With incredible volumes of material on the move – think: arms and munitions, supplies, vehicles – the military quite simply needs a better way to track its stuff.

“We hear a lot of concerns about getting in-transit visibility in the last tactical mile, from the supply point to the end user,” said Jim Alexander, product lead for automated movement and identification solutions in PEO EIS – Enterprise Information Systems. “We are working with our partners and with transportation command to gather up the requirements for the next generation of in-transit visibility for DoD.”

At the heart of transit tracking today is radio-frequency identification (RFID), which allows logisticians to tag and track goods on the move. But RFID has its limitations: It’s infrastructure intensive and not globally available. Military planners are looking to do better.

Falling short

RFID technology took a big step forward about 20 years ago with the widespread adoption of “active RFID.” Rather than scan individual items by hand, active RFID uses a fixed scanner to monitor entire lots. You’ll see this equipment at airports and at the gates of military installations.

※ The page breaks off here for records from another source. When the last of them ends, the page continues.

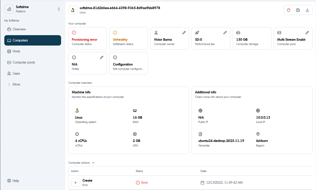 If your softdrive machine is not accessible or it is not able to be claimed, a process to troubleshoot is to "reassign" the softdrive machine, this process will refresh the reassignments and confirm it is available for the intended user.
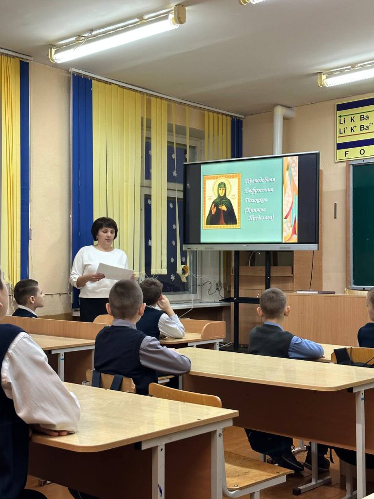20 декабря 2023 г. в ГУО «Гимназия г. Дрогичина» в 6-м классе и в ГУО «Средняя школа №2 г. Дрогичина» в 5 классе прошли уроки, посвященные 850-летию преставления преподобной Евфросинии Полоцкой.
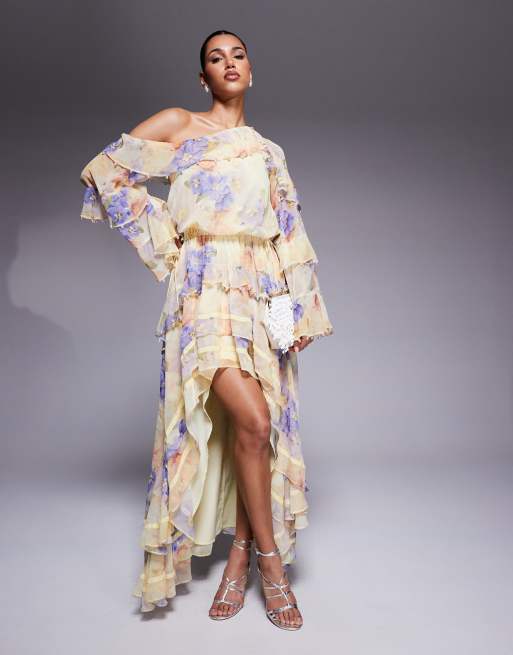 ASOS Luxe – Kremowa zdobiona perłami szyfonowa sukienka maxi w kwiatowy wzór
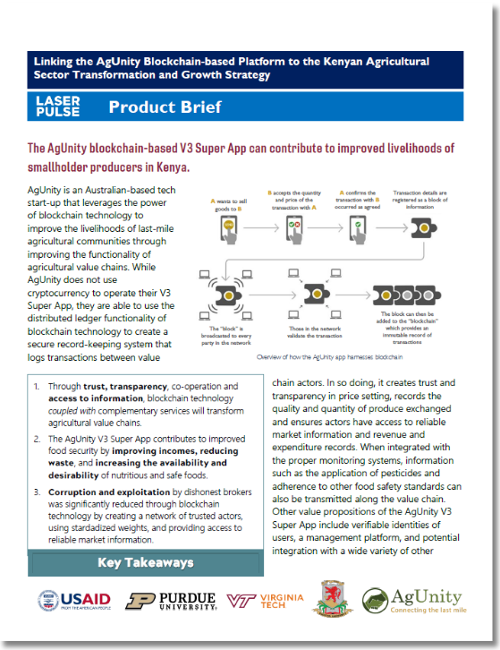 Agnew, J., Hall, R. P., & Kristofikova, N. (2022). Product Brief: Linking the AgUnity Blockchain-based Platform to the Kenyan Agricultural Sector Transformation and Growth Strategy. USAID LASER PULSE, 4 pages, 4 pages. http://hdl.handle.net/10919/111581
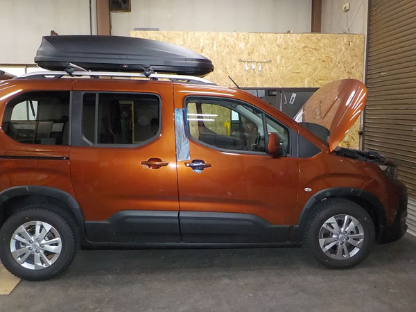 プジョーリフター が入庫し特注ヒッチメンバー製作取付しました。
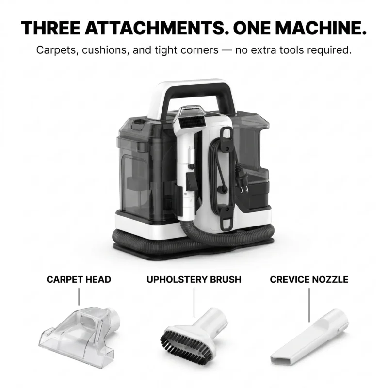 - Multi-Surface Attachments: One machine handles carpets, rugs, fabric sofas, cushions, and car seat upholstery

But active RFID isn’t an ideal solution.

“It consists of a dome-shaped reader on a pole, connected to power and ethernet. So you are running power lines and communication lines, and if the reader goes down someone has to go out and physically service it,” said Rosemary Johnston, senior vice president of government at solutions provider Savi. The company is sole provider for the DoD’s RFID-IV contract, which has a $102 million ceiling.

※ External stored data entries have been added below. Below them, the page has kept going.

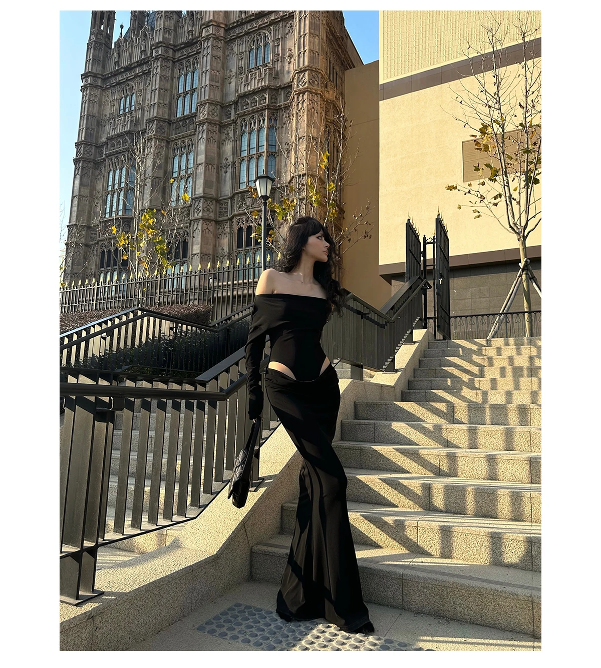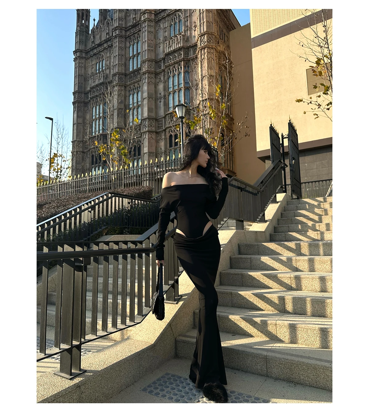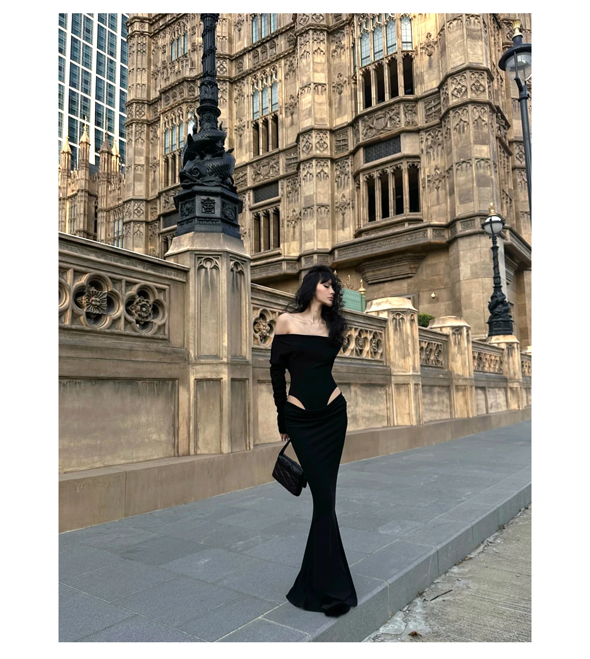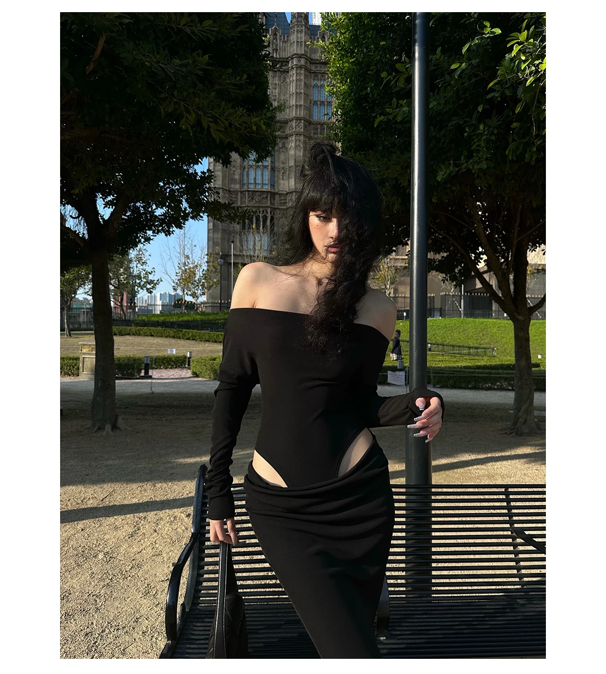 DAIIIBABYYY - Summer Womens Black Sexy Dress Strapless Hollow Out Europe and America Fashion Luxury Spicy Girl Female NEW Long Dress
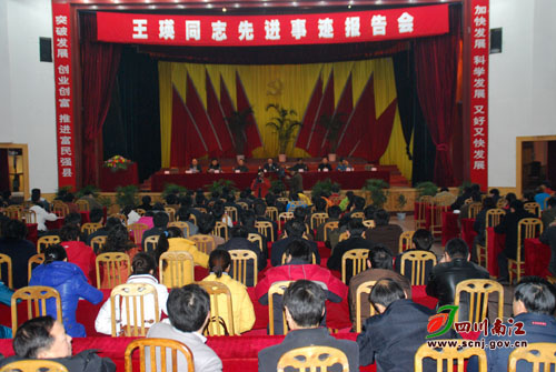 | 中廣網(wǎng)北京12月25日消息 12月24日下午,四川南江縣在縣人民大禮堂隆重舉行王瑛同志先進(jìn)事跡報(bào)告會電視直播大會?h委副書記、縣長張長云作重要講話,縣委常委、組織部長邵俊華宣讀《中共南江縣委關(guān)于向王瑛同志學(xué)習(xí)的決定》,縣委常委、宣傳部長楊秀華主持報(bào)告會。縣政協(xié)主席杜純裕,縣人大黨組書記、副主任郭治中,縣委常委、副縣長劉凱,縣委常委、政法委書記涂光明,縣委常委、副縣長王清平等領(lǐng)導(dǎo)在主會場出席。
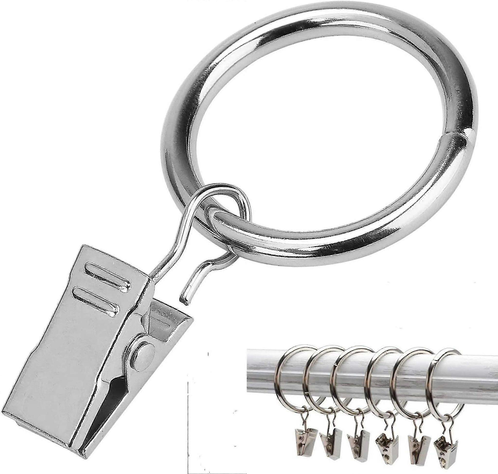 20 Pieces Metal Stainless Steel Curtain Rings With Clips 38mm Curtain Hooks

“Each reader costs a couple of thousand dollars, plus the cost of hooking it up, running wires via trenches. It becomes a major construction investment project,” said Johnston, a former chief master sergeant with the U.S. Air Force.

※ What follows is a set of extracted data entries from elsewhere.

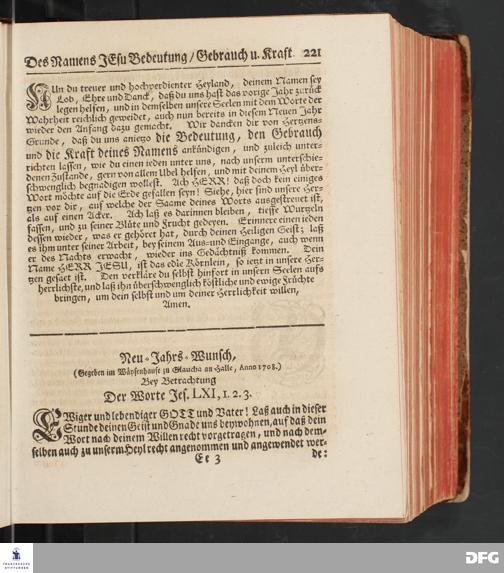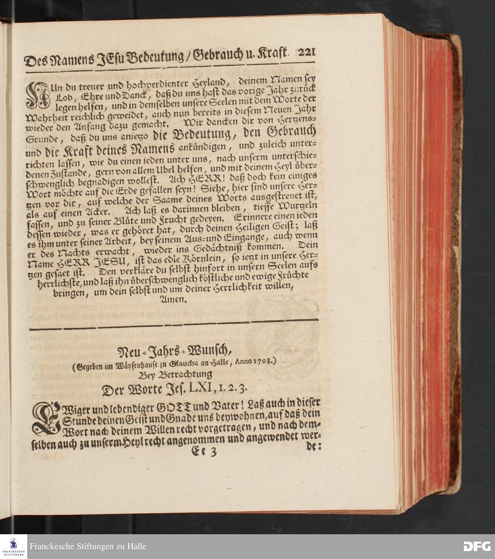 August Hermann Franckens, S.Theol.Prof.und Past. Sonn= und Fest=Tags=Predigten / Welche Theils in Halle, theils an verschiedenen auswärtigen Oertern, von wichtigen und auserlesenen Materien gehalten worden, Nebst Vorbereitung auf die hohen Feste und nützlichen Registern. Dritte Auflage. HALLE, gedruckt und verlegt im Wäysen=Hause MDCCXL. Mit Königl.Preuß.und Churfl.Brandenb.Privileg.
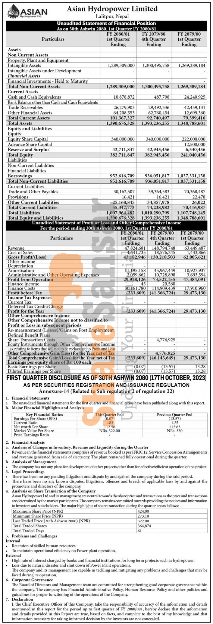 Asian Hydropower Limited has posted a net loss of Rs 0.23 million and published its 1st quarter company analysis of the fiscal year 2080/81.
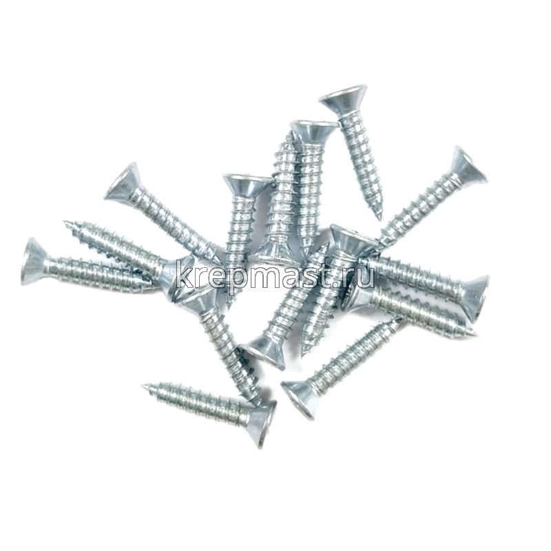 Саморез по металлу с потайной головкой и острым концом DIN 7982 3.9 x 19 применяется для крепления стальных и других листовых материалов (дерево, фанера) к металлическим и деревянным несущим конструкциям.

In addition, active RFID equipment isn’t necessarily well-suited to today’s highly agile expeditionary fighting style. “The military doesn’t know where the next fight is going to be, so they use portable deployment kits rather than do this massive construction, but even those are heavy ― the lightest weighs 25 pounds ― and they require good satellite coverage. It becomes very resource constrained,” she said.

With the next-gen RFID contract, the military envisions a better way of doing business.

A cellular solution

Satellite-readable RFID tags offer some relief, as they expand the military’s reach without requiring extensive additional overhead. But satellite time is costly. Savi’s emerging solution would leverage widely available cellular signals as a new means to capture and communicate RFID information.

Johnston describes early trials of cellular RFID in Africa, where materials tracking has been a perennial problem. U.S. and European forces have just six fixed RFID readers on the entire continent, making supplemental coverage an urgent need, she said.

“We have used cellular technology in Africa with a commercial company very successfully for the past three or four years. The networks we would use on the military side would be very similar to what this commercial customer uses, so we believe that represents a great opportunity for Africa Command,” she said.

The switch to cellular isn’t technically complicated: military planners would need to add a cellular module to the existing RFID tag. That module could then be programmed to automatically report location status to the military’s in-transit visibility server.

High-value cargo might report hourly, whereas more mundane supplies could be set to check in daily or every couple of days, in order to conserve battery life in the RFID tag.

At PEO-EIS, Alexander said he sees strong potential in the technology. With a cellular system, “you could get a much more granular look, a more detailed look at where my stuff is,” as compared to relying on fixed checkpoints, he said. “If you have sensitive cargo you can know where it is every hour on the hour, as opposed to waiting for that cargo to pass by a fixed site.”

Some technical details still need to be worked out in order to implement a commercial-grade cellular solution within the military. For example, “you don’t want to have anything in the device that would trigger a static charge if you are working around ammunition,” Johnston noted. “We are working through that process right now.”